§ GIVEN DATA

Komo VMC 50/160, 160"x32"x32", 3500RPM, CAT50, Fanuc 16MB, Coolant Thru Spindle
==
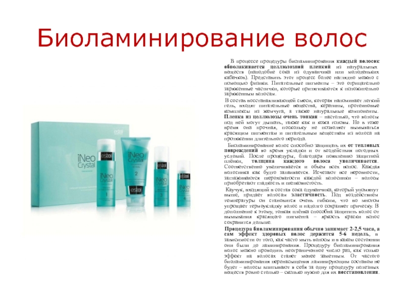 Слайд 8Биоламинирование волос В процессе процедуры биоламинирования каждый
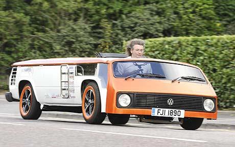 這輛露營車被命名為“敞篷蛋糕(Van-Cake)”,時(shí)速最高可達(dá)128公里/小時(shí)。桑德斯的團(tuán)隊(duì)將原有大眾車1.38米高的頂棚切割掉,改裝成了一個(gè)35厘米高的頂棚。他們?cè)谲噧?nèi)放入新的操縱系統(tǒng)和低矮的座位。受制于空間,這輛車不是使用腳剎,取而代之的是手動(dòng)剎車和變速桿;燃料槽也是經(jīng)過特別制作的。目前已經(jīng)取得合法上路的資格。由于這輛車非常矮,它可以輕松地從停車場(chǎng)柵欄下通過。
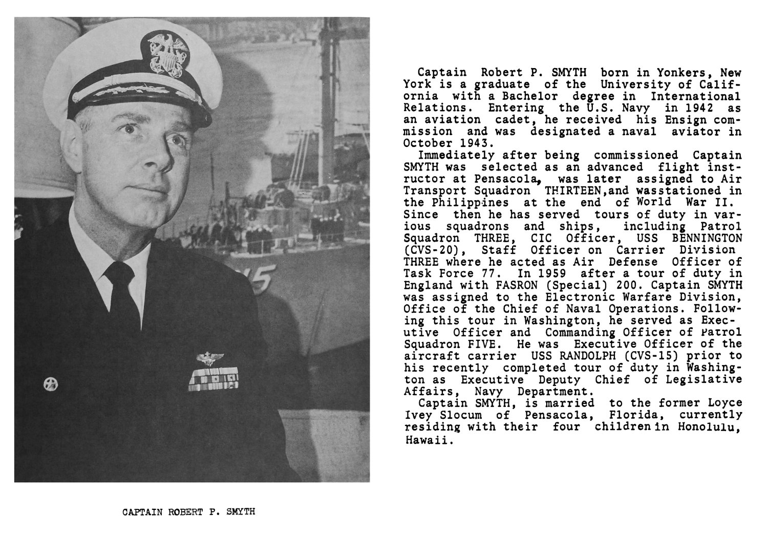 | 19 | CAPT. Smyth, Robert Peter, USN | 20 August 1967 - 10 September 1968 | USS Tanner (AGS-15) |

§ WORK REQUEST
In the listing above, find the line containing "Слайд 8Биоламинирование волос". Output it and every line after it up to and including the line containing "Tanner (AGS-15) |", exactly, but skip the pictures.

§ SOLUTION FOR THIS EXERCISE
 Слайд 8Биоламинирование волос В процессе процедуры биоламинирования каждый
 這輛露營車被命名為“敞篷蛋糕(Van-Cake)”,時(shí)速最高可達(dá)128公里/小時(shí)。桑德斯的團(tuán)隊(duì)將原有大眾車1.38米高的頂棚切割掉,改裝成了一個(gè)35厘米高的頂棚。他們?cè)谲噧?nèi)放入新的操縱系統(tǒng)和低矮的座位。受制于空間,這輛車不是使用腳剎,取而代之的是手動(dòng)剎車和變速桿;燃料槽也是經(jīng)過特別制作的。目前已經(jīng)取得合法上路的資格。由于這輛車非常矮,它可以輕松地從停車場(chǎng)柵欄下通過。
 | 19 | CAPT. Smyth, Robert Peter, USN | 20 August 1967 - 10 September 1968 | USS Tanner (AGS-15) |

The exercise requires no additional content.